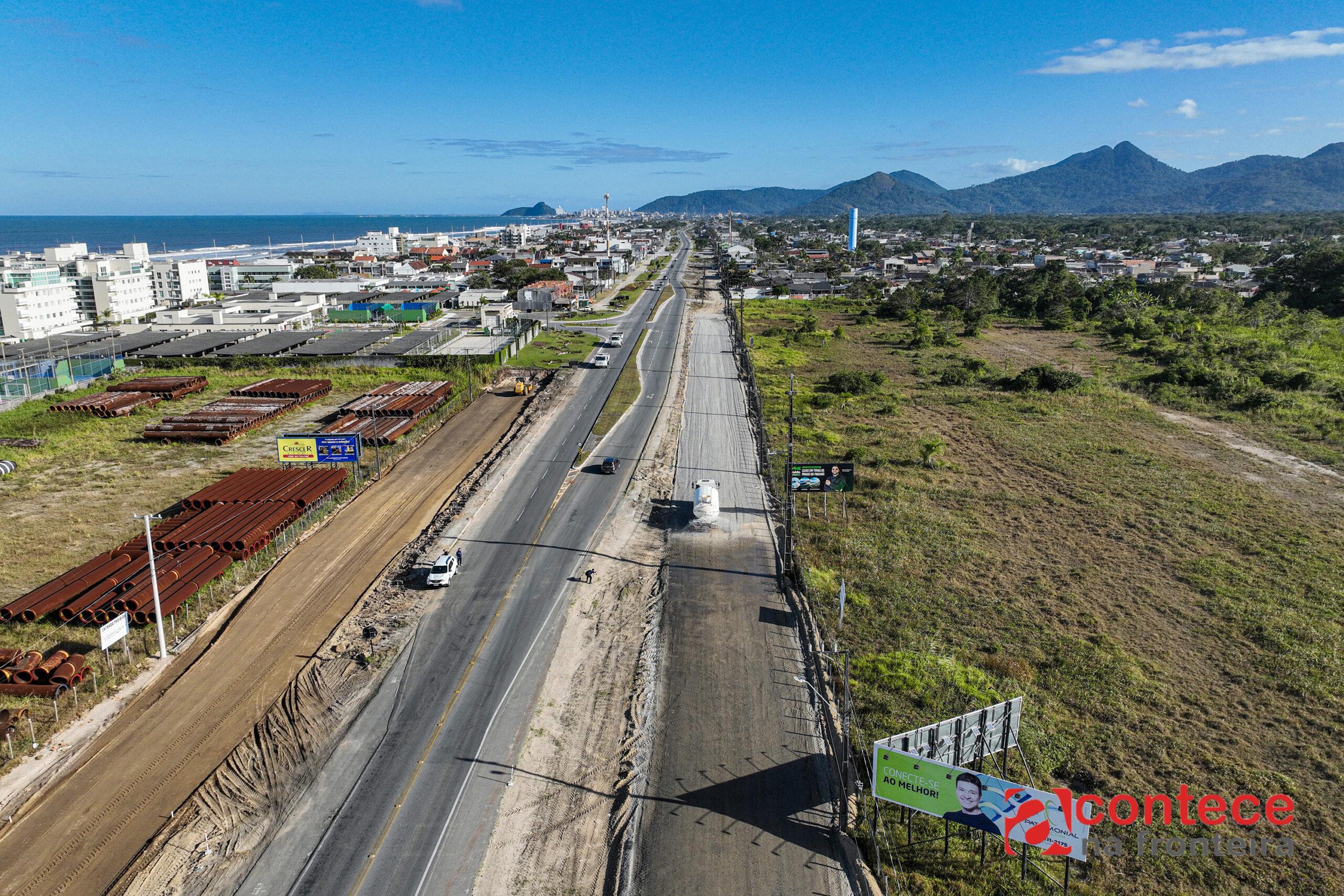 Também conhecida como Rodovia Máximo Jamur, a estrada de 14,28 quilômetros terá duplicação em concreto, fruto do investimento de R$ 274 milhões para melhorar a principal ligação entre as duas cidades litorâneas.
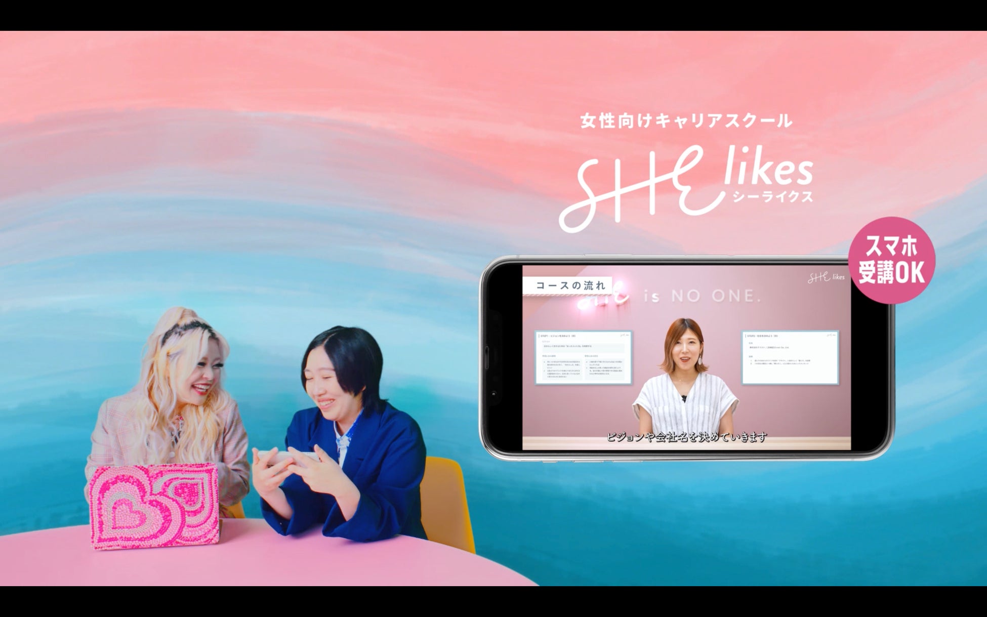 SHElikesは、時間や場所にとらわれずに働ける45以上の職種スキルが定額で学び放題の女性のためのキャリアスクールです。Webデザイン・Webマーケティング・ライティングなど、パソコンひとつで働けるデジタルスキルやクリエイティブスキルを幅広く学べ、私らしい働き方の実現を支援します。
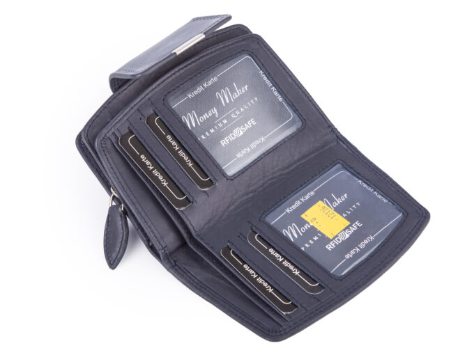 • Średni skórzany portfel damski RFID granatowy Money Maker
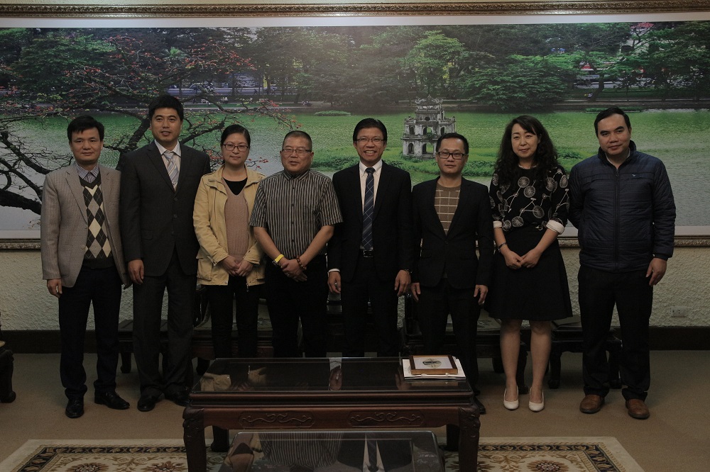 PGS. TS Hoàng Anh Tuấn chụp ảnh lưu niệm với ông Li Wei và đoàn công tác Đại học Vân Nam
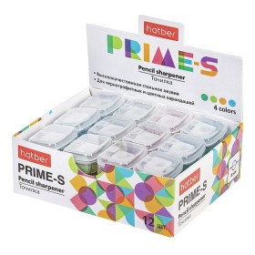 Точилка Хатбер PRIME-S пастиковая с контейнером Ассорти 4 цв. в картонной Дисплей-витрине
--
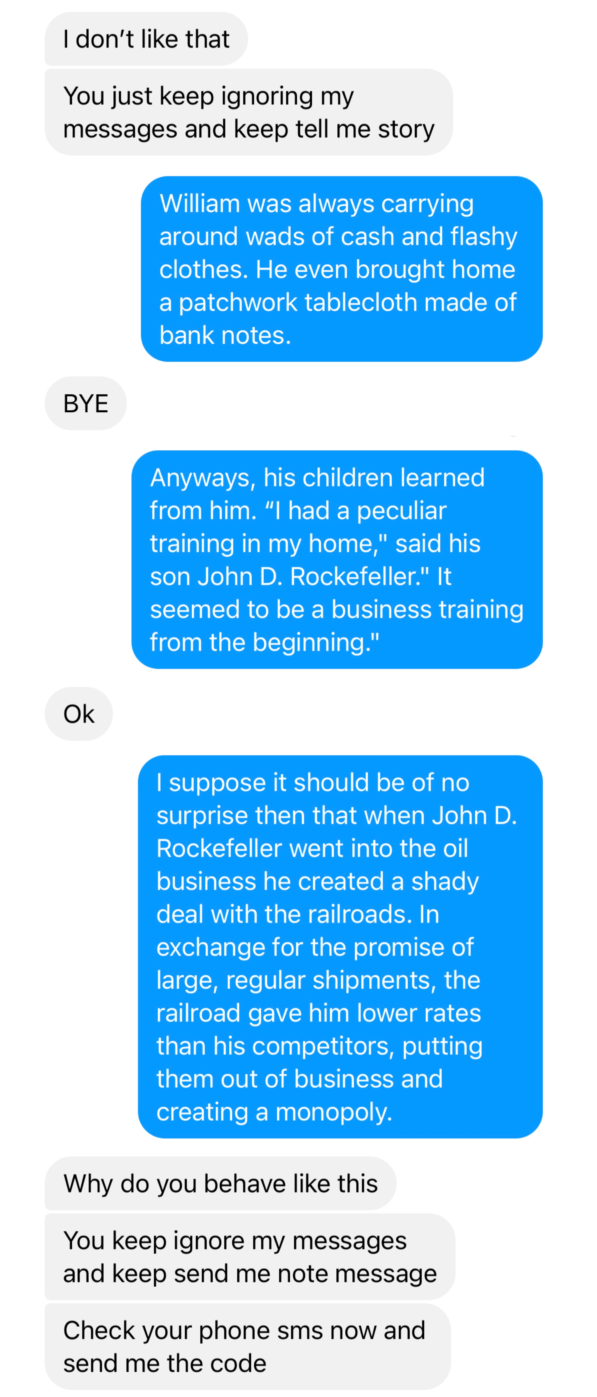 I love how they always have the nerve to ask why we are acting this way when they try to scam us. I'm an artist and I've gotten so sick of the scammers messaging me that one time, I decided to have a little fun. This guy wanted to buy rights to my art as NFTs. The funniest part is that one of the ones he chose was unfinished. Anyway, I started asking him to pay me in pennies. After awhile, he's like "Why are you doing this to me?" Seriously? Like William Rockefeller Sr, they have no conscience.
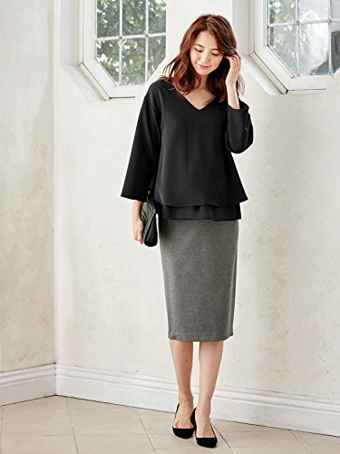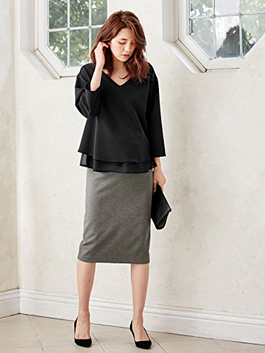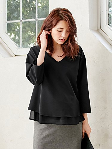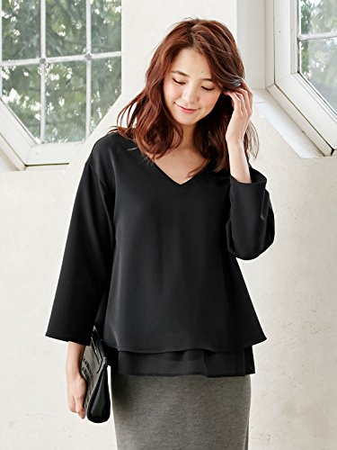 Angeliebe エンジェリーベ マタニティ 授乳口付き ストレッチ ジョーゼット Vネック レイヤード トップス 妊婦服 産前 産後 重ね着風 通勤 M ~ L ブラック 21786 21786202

* [What the task requires]: The result should be an exact copy of only the lines above from the one that holds "granatowy Money Maker" through the one that holds "Точилка Хатбер PRIME-S", both ends included, without pictures.

* [Response area]:
 • Średni skórzany portfel damski RFID granatowy Money Maker
 PGS. TS Hoàng Anh Tuấn chụp ảnh lưu niệm với ông Li Wei và đoàn công tác Đại học Vân Nam
 Точилка Хатбер PRIME-S пастиковая с контейнером Ассорти 4 цв. в картонной Дисплей-витрине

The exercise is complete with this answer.